Tencent pcg arc laboratory contributed

qubit | Public account qbitai

A large multi-modal model that can process music has finally appeared!

saw that it accurately analyzed the melody and rhythm of the music, as well as the instruments used, and even the artistic conception.

[Please go to the official account for the music effect]

And it can not only listen, as long as you give it a text and picture, it will create it based on the text requirements after understanding the artistic conception of the picture:

[Please go to the official account for the music effect]

can even add sound to silent videos:

[Please go to the official account for music effects]

It can also edit existing music, such as removing the sound of drums from a piece of music

[Please go to the official account for music effects] These effects above

all come from the newly launched multi-modal model-based music understanding and generation framework m2ugen by Tencent pcg arc laboratory.

It can perform music understanding, music editing and multi-modal music generation (text/image/video to music generation). The

research team compared the five capabilities of the model with existing models one by one, and conducted subjective evaluation experiments on three subtasks of multi-modal music generation (text/image/video to music generation) and found that The performance of m2ugen model is better than existing models.

In addition, since there are not many suitable data sets for model training, the research team also developed a set of data generation methods and produced four data sets of mucaps, muedit, muimage, and muvideo and released them. At present, the

team has open sourced the model code library on github, and opened the model weights and training data sets on huggingface (application required).

So, how is m2ugen implemented? The

model is divided into four modules. The

m2ugen model is divided into four module areas, namely multimodal feature encoder, multimodal understanding adapter, bridge llm, and music understanding and generation module.

The following figure shows the overall framework of the m2ugen model:

Multimodal feature encoder

In order to achieve multimodal music understanding and generation, the model needs to process multimodal input.

Based on this, the research team applied some existing modal encoders, such as the music encoder mert, the image encoder vit, and the video encoder vivit.

vit and vivit are two transformer-based encoders commonly used in the visual field. They are often involved in some existing LLM-related work, so developers choose these two as image and video encoders respectively.

For music input, the previous work mu-llama proved that the mert model is significantly better than other compared audio/music encoders, so the research team in m2ugen selected mert as the encoder for music input.

multi-modal understanding adapter

The main function of this module is to integrate the information of the feature vector output by the encoder and input it into the subsequent llm and control the output of the llm together with the text input.

is shown in the figure below. This module mainly consists of a 1d convolution layer, a linear mapping layer and a dense network module.

The final dense network module is as shown below:

This module consists of three sub-modules, including regularization layer (nomarlization), linear layer (linear), activation function (silu) and other components.

This process can be expressed by the following formula:

where xi represents the output embedding vector after the i-th sub-module, lj, i represents the j-th linear layer of the i-th sub-module, ni represents the regularization layer within the i-th sub-module, silu is the activation function.

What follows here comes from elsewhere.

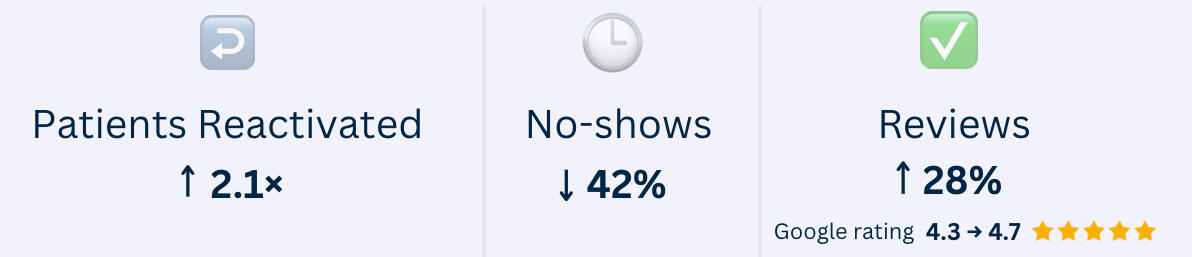 Add automated reactivation, no-show recovery, and review-boosting — without changing clinic workflows.

This dense network design continues from the team's previous work mu-llama. After the dense network,

outputs a 4096-dimensional embedding vector, which is provided to the downstream llm.

bridges llm

In order to introduce multimodal context information into llm, researchers connect the output from the adjacent upstream multimodal understanding adapter to the specified layer of llm.

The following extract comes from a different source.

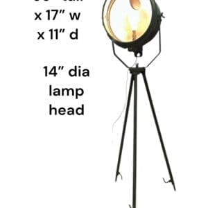 THB14024 Floodlight / searchlight Hendon Tilley glazed face converted from gas to electric on three legs with wooden bar handle to back of light on three metal legs Green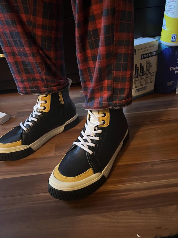 Men's Side Zip Hi Top Two Tone Branded Sole Logo Sneakers

researchers used the llama 2 model developed by meta as the base llm, as shown in the figure below.

The model version selected here is the llama 2 7b model, which contains n=32 hidden layers.

Counting from the top of the model, every l layer (l=6) introduces modal information, introduces music, image and video modal information from top to bottom, and uses the zero initial value attention module, the bottom ( The n-3l-1) layer uses the original attention module. The text instructions of

llm are input from the bottom layer, that is, the first layer. Using this technology, llm is given the ability to guide llm output through other modal information.

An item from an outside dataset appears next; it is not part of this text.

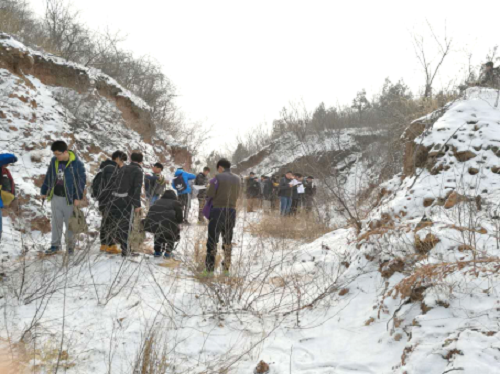 工程地质实习动员,学生冒风雪进行实习

Music understanding and generation module

Inspired by the work of next-gpt, this model introduces a specific audio tag [aud] to distinguish music question answering and generation tasks.

During the model training phase, for training sample pairs (such as text instruction-music pairs) with music as the output (i.e., music generation task), these audio markers will be added at the end of the llm output to indicate the downstream music output.

In the model inference phase, if the instruction input by the user is related to music generation, such as generate a music using flute (generate a piece of music with a flute), the output of llm will contain audio tags, so the downstream music decoder will receive the instruction and Generate music with the flute as a musical instrument;

On the other hand, if the output of llm does not have audio tags, it indicates that the user expects a music understanding task, and llm will directly respond to the user's question.

researchers tried two music decoders-audioldm 2 and musicgen, among which musicgen's music generation performance was better than audioldm 2.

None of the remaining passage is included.